Blue Sky Network Helps Operators Track Their Assets
Blue Sky Network's satcom devices are FAA and ANAC certified. (Photo: David McIntosh)

After only four years in Brazil, Blue Sky Network, which offers satellite tracking of and communication with vehicles operating in the air, on land and at sea, has built up a sizable client base, including the Líder fleet that serves Petrobras, the Helisul air taxi operator and energy exploration company HRT. Here at LABACE show-goers can see how Blue Sky’s New SkyRouter and other systems work at the company’s display in the exhibition hangar (Stand 5020).

The California company’s offerings are of particular value in many areas, such as air taxi, air ambulance, rescue and oil and gas. Many of these operations are undertaken in sparsely populated areas in difficult terrain, such as the Amazon basin, where tracking vehicles not only drives efficiencies for operators, but also deliver a major safety enhancement.

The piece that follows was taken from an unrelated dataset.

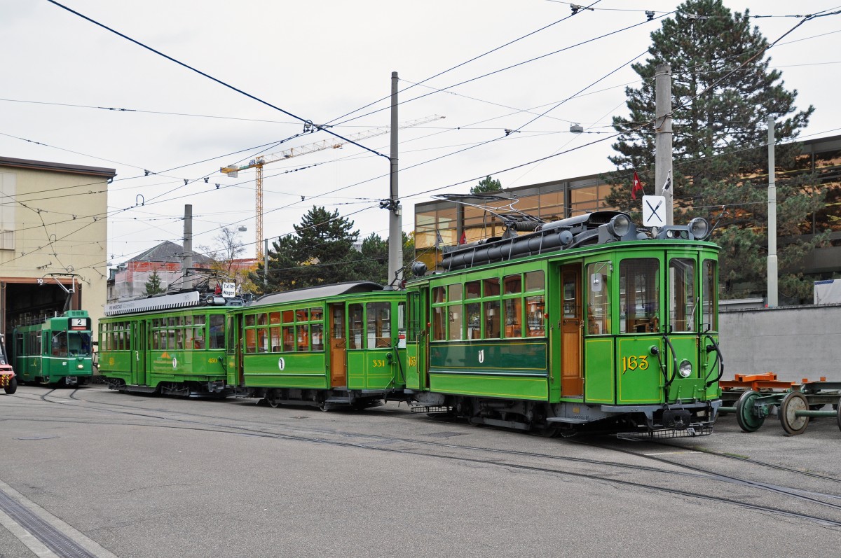 Oldtimer Parade auf dem Hof der Hauptwerkstatt: Vorne der Be 2/2 163, dahinter der B2 331 und am Schluss die Alte Dame Dante Schuggi, die hoffentlich bald wieder im Einsatz stehen wird. Die Aufnahme stammt vom 22.10.2015.

Blue Sky Network offers a range of systems and services to meet varying requirements. Onboard systems can provide track only, track and message, or track/message/voice communication options. The system uses dual-mode GSM and Iridium satellite tracking, and allows operators to access data through a cloud-based web portal. GSM signals are used when they are strong enough, but the system automatically switches to the more expensive Iridium tracking when GSM signals fall below a preset threshold.

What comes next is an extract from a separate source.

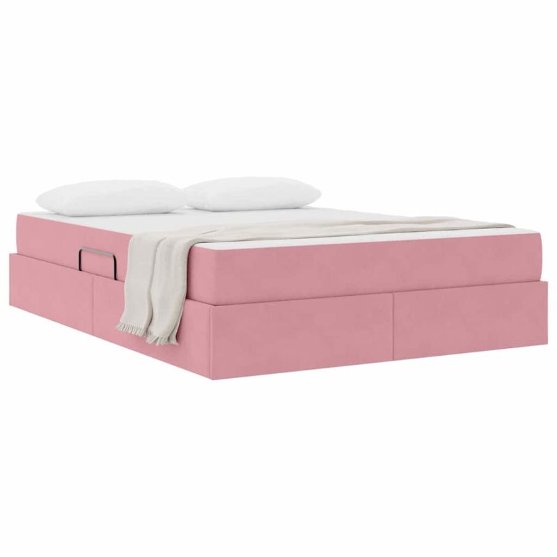 Легло с място за съхранение и матрак Розово 140 x 200 cm Кадифе

The company’s New SkyRouter system is in widespread use in the U.S. and beyond, allowing organizations to automatically monitor the locations and routes of their mobile assets in near real-time, and to allow messaging between those assets and the base.

For the base operator, the New SkyRouter system allows vehicle tracking to be displayed on a multifunction screen. Key information for each asset can be accessed on the screen, and the locations of all assets can be overlaid on maps or Google Earth imagery. Additional overlays, such as weather radar or traffic congestion, or offshore lease blocks, are available. There is also a Bluetooth application that allows cockpit-mounted systems to interface with mobile devices, such as smartphones and tablets.

As well as platform-mounted systems, Blue Sky Network has developed hand-held devices, such as the new HawkEye PT Plus. All of the devices, which are FAA- and ANAC-certified, can be programmed to automatically update the asset’s position every minute or two, but in an emergency can be used to send an instant position update with a single button-press. This action also initiates a high-rate positional transmission mode, with updates transmitted every 15 seconds.

To reach smaller operators and expand its services in Brazil, the Blue Sky Network is currently looking for equipment re-sellers to cover regions of the country. It has already inked a deal with Avionics Services, and is in advanced stages of negotiations with other re-sellers in Mato Grosso, Mato Grosso do Sul and in the Natal/Fortaleza region.

Although Blue Sky Network is open to approaches from other Latin American nations, for now it is concentrating on the Brazilian market, and it expects to more than double the number of systems in use by the end of next year. In the aviation field alone the country offers considerable opportunities on many fronts. Business aviation is an obvious customer, as is the large number of helicopter operators.